Die Schilderung gibt dem Thema ein Gesicht, Individualität. Aber viel interessanter als die Anekdote finde ich allein schon die Tatsache, dass die Autorin dieses Geschichtchen in ihrem Artikel einsetzt. Vor meinem geistigen Auge kreuzen sich zwei gegensätzliche Welten – in todbringenden Kriegen agierende Armeen treffen auf einen Babystrampler. Aber leider folgt dieser grotesk-ästhetischen Überschneidung nicht etwa eine kritische Auseinandersetzung mit der von Krieg durchzogenen Lebenswirklichkeit der kosovarischen Gesellschaft, sondern nur die Beschreibung (sozial)wirtschaftlicher Vor- und Nachteile der NATO-Präsenz in der Region.

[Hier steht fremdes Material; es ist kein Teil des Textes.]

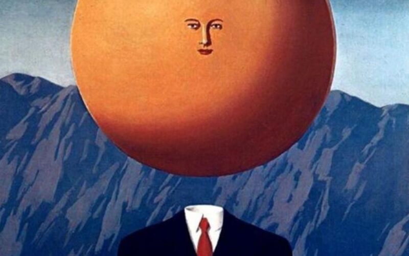 At first glance, the painting appears relatively straightforward. A man stands in a quiet, open setting, his body rendered in a realistic manner. But the normalcy ends at the head. Instead of a face, we see a large, smooth, orange sphere. It replaces identity entirely, turning the figure into something anonymous and difficult to interpret.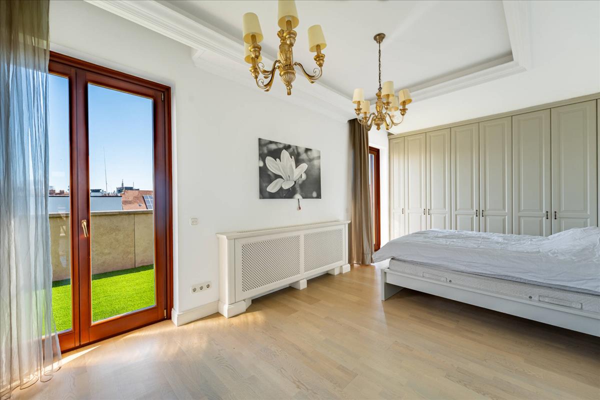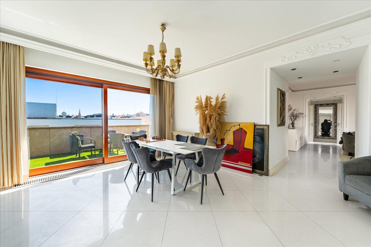 Megvételre kínáljuk ezt a 6. emeleti, 172 m²-es, 3 hálószobás, 3 fürdőszobás, egyedülálló 157 m2-es teraszkapcsolattal és dupla garázzsal rendelkező luxuslakást Budapest VII. kerületének egyik legkedveltebb részén, a Kazinczy utcában, a 2007-ben épült „Reneszánsz Házban”.

„Man merkt: Die 30-Jährige ist stolz, als eine von rund 400 Kosovaren für die Kosovo Force (Kfor) zu arbeiten. „Alle wollen das“, sagt sie. Der Grund dafür ist simpel: Die Anstellung hilft ihrer ganzen Familie, denn mit 368 Euro netto im Monat liegt das Gehalt deutlich über dem Durchschnittseinkommen von 200 Euro. Auch die Krankenversicherung und den Rentenbeitrag zahlen die Truppen für sie, eine Seltenheit. „Für mich bedeutet die Kfor viel“, sagt sie auf Deutsch – denn auch den Sprachkurs spendierte die Nato-Mission.“

Die offizielle Arbeitslosen-Quote liegt bei rund 50%. Die Autorin stellt denn auch zurecht den krassen Gegensatz zwischen Hoffnungsträger KFOR und herrschender Armut heraus. Nur bleibt sie dabei auf der Ebene einer unreflektierten Zustandsbeschreibung, die sich liest, wie ein Werbeprospekt der NATO:

„Und tatsächlich sind die Stellen bei den ausländischen Truppen vielfältig: Es gibt Gärtner, Dolmetscher, Frisöre, Reinigungskräfte, Küchenhelfer, Bedienungen und Straßenbauer. Denn es gibt viel zu tun in den Camps. Aber auch außerhalb der Kfor-Zäune beeinflusst die Anwesenheit der Truppen das Wirtschaftsleben: So werden in Prizren die Kfor-Fahrzeuge in der örtlichen „Big Brother“-Auto-Werkstatt gewaschen und teilweise auch repariert. Benzin wird ebenfalls vor Ort gekauft. Ein einheimischer Bäcker backt das Brot für die Soldaten – extra nach deutschem Rezept und Hygieneauflagen. Das Truppen-Magazin „Maz & More“ wird wöchentlich vor Ort gedruckt, 15 Kosovaren sind damit beschäftigt. Und auch die Schmutzwäsche der Task Force Süd wird in Prizren gewaschen. Zwar gehört die Wäscherei nicht der Kfor – doch die Truppen sind der einzige Kunde.“

Wer will nach dieser Beschreibung den Abzug der NATO aus dem Kosovo?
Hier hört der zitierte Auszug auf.